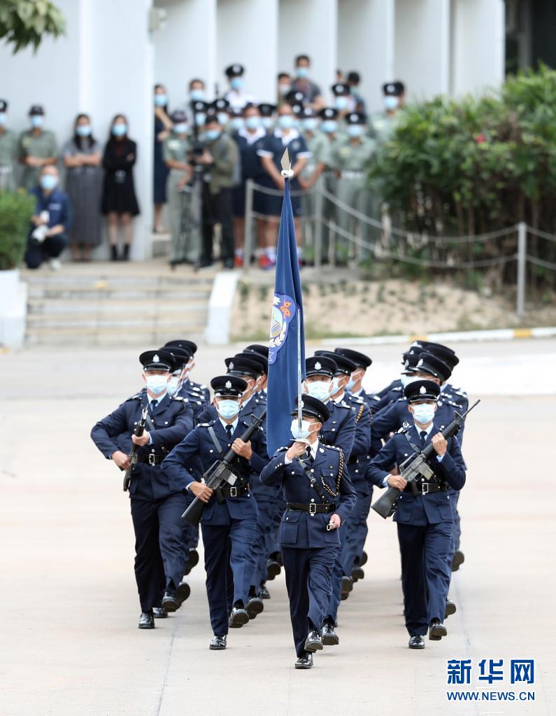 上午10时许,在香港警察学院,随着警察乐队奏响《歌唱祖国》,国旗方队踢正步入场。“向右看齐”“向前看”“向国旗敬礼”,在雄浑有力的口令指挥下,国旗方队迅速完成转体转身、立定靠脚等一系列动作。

◆ ◆ ◆ ◆

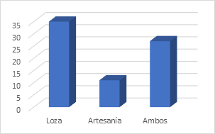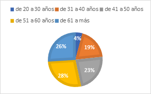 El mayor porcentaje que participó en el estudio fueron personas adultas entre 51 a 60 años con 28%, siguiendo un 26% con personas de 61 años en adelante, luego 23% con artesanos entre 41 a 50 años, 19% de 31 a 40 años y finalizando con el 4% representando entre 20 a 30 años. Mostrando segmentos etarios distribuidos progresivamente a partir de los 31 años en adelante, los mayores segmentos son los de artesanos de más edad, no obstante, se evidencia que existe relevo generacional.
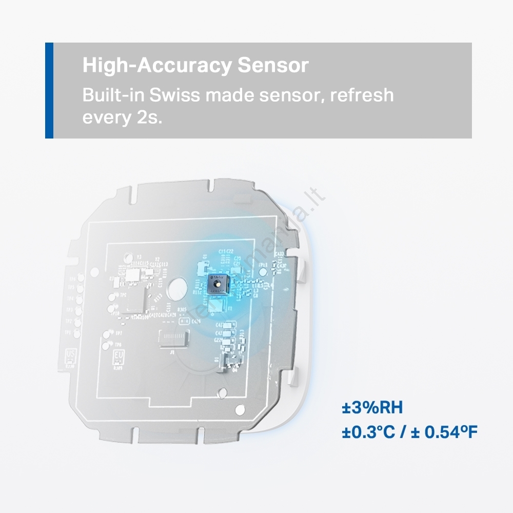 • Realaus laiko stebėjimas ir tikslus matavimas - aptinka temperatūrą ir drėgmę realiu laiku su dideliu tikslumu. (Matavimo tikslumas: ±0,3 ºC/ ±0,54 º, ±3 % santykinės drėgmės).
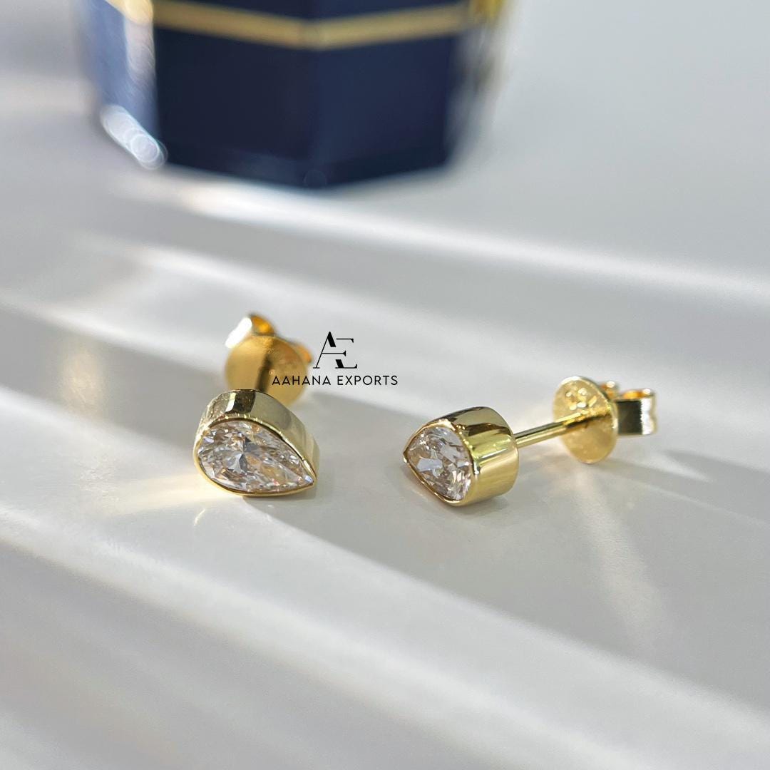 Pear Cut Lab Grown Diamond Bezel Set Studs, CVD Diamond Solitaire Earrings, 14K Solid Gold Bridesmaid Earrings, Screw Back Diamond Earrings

◆ ◆ ◆ ◆

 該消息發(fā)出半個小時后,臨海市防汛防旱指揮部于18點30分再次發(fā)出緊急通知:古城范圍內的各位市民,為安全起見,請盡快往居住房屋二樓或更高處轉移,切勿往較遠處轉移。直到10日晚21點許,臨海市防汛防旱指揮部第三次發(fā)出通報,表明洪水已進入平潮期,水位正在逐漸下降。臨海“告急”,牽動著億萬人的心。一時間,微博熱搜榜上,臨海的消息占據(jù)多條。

◆ ◆ ◆ ◆

PROBLEM DETAILS: Look above for the line containing "º, ±3 % santykinės drėgmės)." and the line containing "Pear Cut Lab", then reproduce both and everything between them exactly, pictures omitted.

EXPECTED OUTPUT:
 • Realaus laiko stebėjimas ir tikslus matavimas - aptinka temperatūrą ir drėgmę realiu laiku su dideliu tikslumu. (Matavimo tikslumas: ±0,3 ºC/ ±0,54 º, ±3 % santykinės drėgmės).
 Pear Cut Lab Grown Diamond Bezel Set Studs, CVD Diamond Solitaire Earrings, 14K Solid Gold Bridesmaid Earrings, Screw Back Diamond Earrings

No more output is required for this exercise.